Segment Start: Records for this task

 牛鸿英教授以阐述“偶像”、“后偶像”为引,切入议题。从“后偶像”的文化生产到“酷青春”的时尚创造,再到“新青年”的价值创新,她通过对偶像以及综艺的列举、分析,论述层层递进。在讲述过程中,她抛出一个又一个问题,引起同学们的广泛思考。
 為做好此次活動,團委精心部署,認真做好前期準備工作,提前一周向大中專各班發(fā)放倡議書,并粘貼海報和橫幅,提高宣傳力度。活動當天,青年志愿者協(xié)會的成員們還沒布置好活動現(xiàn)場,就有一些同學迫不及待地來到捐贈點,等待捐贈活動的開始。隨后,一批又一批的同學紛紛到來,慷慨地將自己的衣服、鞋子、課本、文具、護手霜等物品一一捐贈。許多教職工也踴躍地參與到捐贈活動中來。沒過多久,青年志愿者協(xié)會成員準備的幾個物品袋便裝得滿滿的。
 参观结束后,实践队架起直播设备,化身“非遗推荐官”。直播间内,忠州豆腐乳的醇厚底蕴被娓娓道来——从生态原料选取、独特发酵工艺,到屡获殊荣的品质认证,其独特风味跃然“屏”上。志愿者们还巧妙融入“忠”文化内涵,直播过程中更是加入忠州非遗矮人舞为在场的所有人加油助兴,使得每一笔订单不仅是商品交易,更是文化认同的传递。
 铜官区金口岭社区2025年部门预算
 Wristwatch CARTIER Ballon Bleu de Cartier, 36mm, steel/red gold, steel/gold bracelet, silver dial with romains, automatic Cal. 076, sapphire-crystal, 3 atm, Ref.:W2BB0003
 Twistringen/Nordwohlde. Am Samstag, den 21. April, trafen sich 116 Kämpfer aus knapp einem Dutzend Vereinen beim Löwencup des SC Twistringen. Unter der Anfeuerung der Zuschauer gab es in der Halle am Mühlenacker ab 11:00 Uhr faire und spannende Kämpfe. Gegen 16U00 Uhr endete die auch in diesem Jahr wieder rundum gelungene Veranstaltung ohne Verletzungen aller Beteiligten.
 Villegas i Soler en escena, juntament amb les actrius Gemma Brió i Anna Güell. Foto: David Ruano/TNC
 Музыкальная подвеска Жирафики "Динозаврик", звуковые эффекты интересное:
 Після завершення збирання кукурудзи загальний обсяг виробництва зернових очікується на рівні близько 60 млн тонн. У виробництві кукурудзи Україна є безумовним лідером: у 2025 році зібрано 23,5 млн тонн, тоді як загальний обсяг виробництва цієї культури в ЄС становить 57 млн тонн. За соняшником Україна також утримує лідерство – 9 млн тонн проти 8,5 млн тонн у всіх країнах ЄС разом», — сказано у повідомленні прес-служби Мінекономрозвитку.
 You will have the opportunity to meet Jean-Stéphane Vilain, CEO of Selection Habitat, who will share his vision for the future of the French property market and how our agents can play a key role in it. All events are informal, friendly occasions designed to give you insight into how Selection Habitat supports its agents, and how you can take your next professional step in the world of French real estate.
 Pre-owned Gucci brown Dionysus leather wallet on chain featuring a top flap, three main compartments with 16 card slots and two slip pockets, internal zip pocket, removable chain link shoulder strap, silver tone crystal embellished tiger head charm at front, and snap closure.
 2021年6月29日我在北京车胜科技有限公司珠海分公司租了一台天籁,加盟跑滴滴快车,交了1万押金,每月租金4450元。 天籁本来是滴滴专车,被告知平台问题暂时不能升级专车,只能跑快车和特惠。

Segment End: Records for this task

Aim of the exercise:
Write out all of the records once more, exactly.

Exercise output:
 牛鸿英教授以阐述“偶像”、“后偶像”为引,切入议题。从“后偶像”的文化生产到“酷青春”的时尚创造,再到“新青年”的价值创新,她通过对偶像以及综艺的列举、分析,论述层层递进。在讲述过程中,她抛出一个又一个问题,引起同学们的广泛思考。
 為做好此次活動,團委精心部署,認真做好前期準備工作,提前一周向大中專各班發(fā)放倡議書,并粘貼海報和橫幅,提高宣傳力度。活動當天,青年志愿者協(xié)會的成員們還沒布置好活動現(xiàn)場,就有一些同學迫不及待地來到捐贈點,等待捐贈活動的開始。隨后,一批又一批的同學紛紛到來,慷慨地將自己的衣服、鞋子、課本、文具、護手霜等物品一一捐贈。許多教職工也踴躍地參與到捐贈活動中來。沒過多久,青年志愿者協(xié)會成員準備的幾個物品袋便裝得滿滿的。
 参观结束后,实践队架起直播设备,化身“非遗推荐官”。直播间内,忠州豆腐乳的醇厚底蕴被娓娓道来——从生态原料选取、独特发酵工艺,到屡获殊荣的品质认证,其独特风味跃然“屏”上。志愿者们还巧妙融入“忠”文化内涵,直播过程中更是加入忠州非遗矮人舞为在场的所有人加油助兴,使得每一笔订单不仅是商品交易,更是文化认同的传递。
 铜官区金口岭社区2025年部门预算
 Wristwatch CARTIER Ballon Bleu de Cartier, 36mm, steel/red gold, steel/gold bracelet, silver dial with romains, automatic Cal. 076, sapphire-crystal, 3 atm, Ref.:W2BB0003
 Twistringen/Nordwohlde. Am Samstag, den 21. April, trafen sich 116 Kämpfer aus knapp einem Dutzend Vereinen beim Löwencup des SC Twistringen. Unter der Anfeuerung der Zuschauer gab es in der Halle am Mühlenacker ab 11:00 Uhr faire und spannende Kämpfe. Gegen 16U00 Uhr endete die auch in diesem Jahr wieder rundum gelungene Veranstaltung ohne Verletzungen aller Beteiligten.
 Villegas i Soler en escena, juntament amb les actrius Gemma Brió i Anna Güell. Foto: David Ruano/TNC
 Музыкальная подвеска Жирафики "Динозаврик", звуковые эффекты интересное:
 Після завершення збирання кукурудзи загальний обсяг виробництва зернових очікується на рівні близько 60 млн тонн. У виробництві кукурудзи Україна є безумовним лідером: у 2025 році зібрано 23,5 млн тонн, тоді як загальний обсяг виробництва цієї культури в ЄС становить 57 млн тонн. За соняшником Україна також утримує лідерство – 9 млн тонн проти 8,5 млн тонн у всіх країнах ЄС разом», — сказано у повідомленні прес-служби Мінекономрозвитку.
 You will have the opportunity to meet Jean-Stéphane Vilain, CEO of Selection Habitat, who will share his vision for the future of the French property market and how our agents can play a key role in it. All events are informal, friendly occasions designed to give you insight into how Selection Habitat supports its agents, and how you can take your next professional step in the world of French real estate.
 Pre-owned Gucci brown Dionysus leather wallet on chain featuring a top flap, three main compartments with 16 card slots and two slip pockets, internal zip pocket, removable chain link shoulder strap, silver tone crystal embellished tiger head charm at front, and snap closure.
 2021年6月29日我在北京车胜科技有限公司珠海分公司租了一台天籁,加盟跑滴滴快车,交了1万押金,每月租金4450元。 天籁本来是滴滴专车,被告知平台问题暂时不能升级专车,只能跑快车和特惠。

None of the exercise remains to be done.